BUILDER: Then, the pandemic hits. How has the company handled the ups and downs since early 2020?
Gehan: The first month or two we had a similar emotional reaction to what everybody had: What is this leading to? The first business thought that I had was that we don’t own a lot of assets because we’re new. So our balance sheet was not going to suffer even with a huge asset price decline. We had a lot of cash and not a lot of debt. Two months into the pandemic we started getting opportunities to buy assets in Austin from public home builders who were shedding assets, and that’s what started our incredible growth. We bought every asset that fit our market. While other companies were laying off employees and selling assets, we went from one employee to 135 employees in four years.
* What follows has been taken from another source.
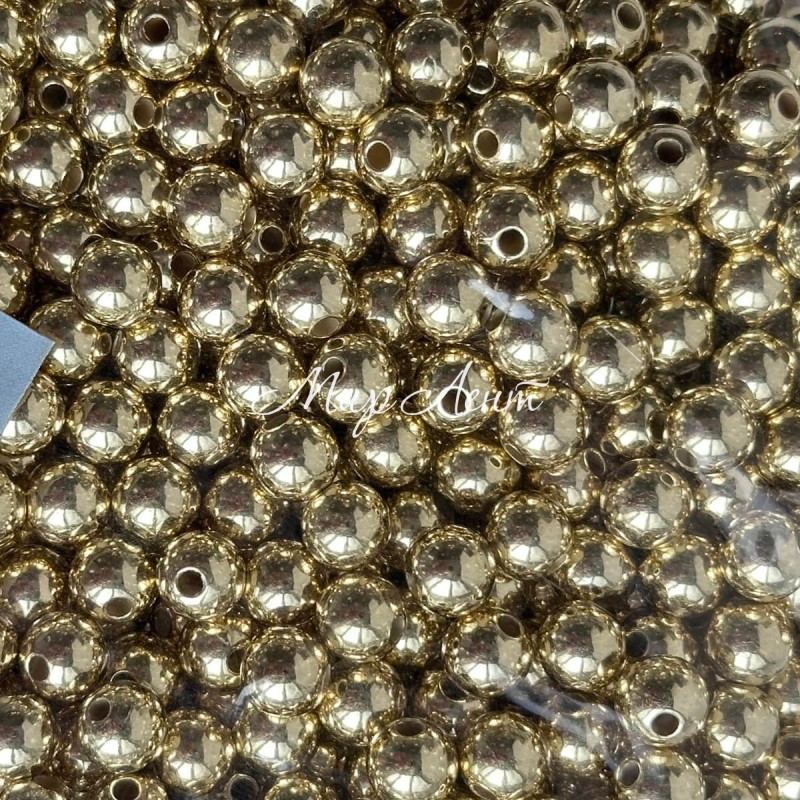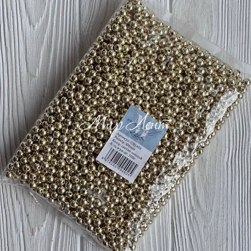 Бусины гальваника, 8 мм, светлое золото, упаковка 500 грамм

So the pandemic really super-charged our growth.
BUILDER: The company has now expanded from Austin to Dallas. What are your goals for the company moving forward?
Gehan: We’ve made an investment in Houston on GFO’s first master-planned community, Fulshear Lakes, and we’re going to open our Houston office in the next 12 months. Our first goal is to have 1% market share in Austin, Dallas, and Houston. Why 1%? It’s the lowest number I could think of. You can’t start a meeting and say our goal is to have 0% market share. At today’s current math, with 1% market share in Austin, Dallas, and Houston, GFO would be valued at $2 billion. We’re absolutely not going beyond the three major cities in Texas.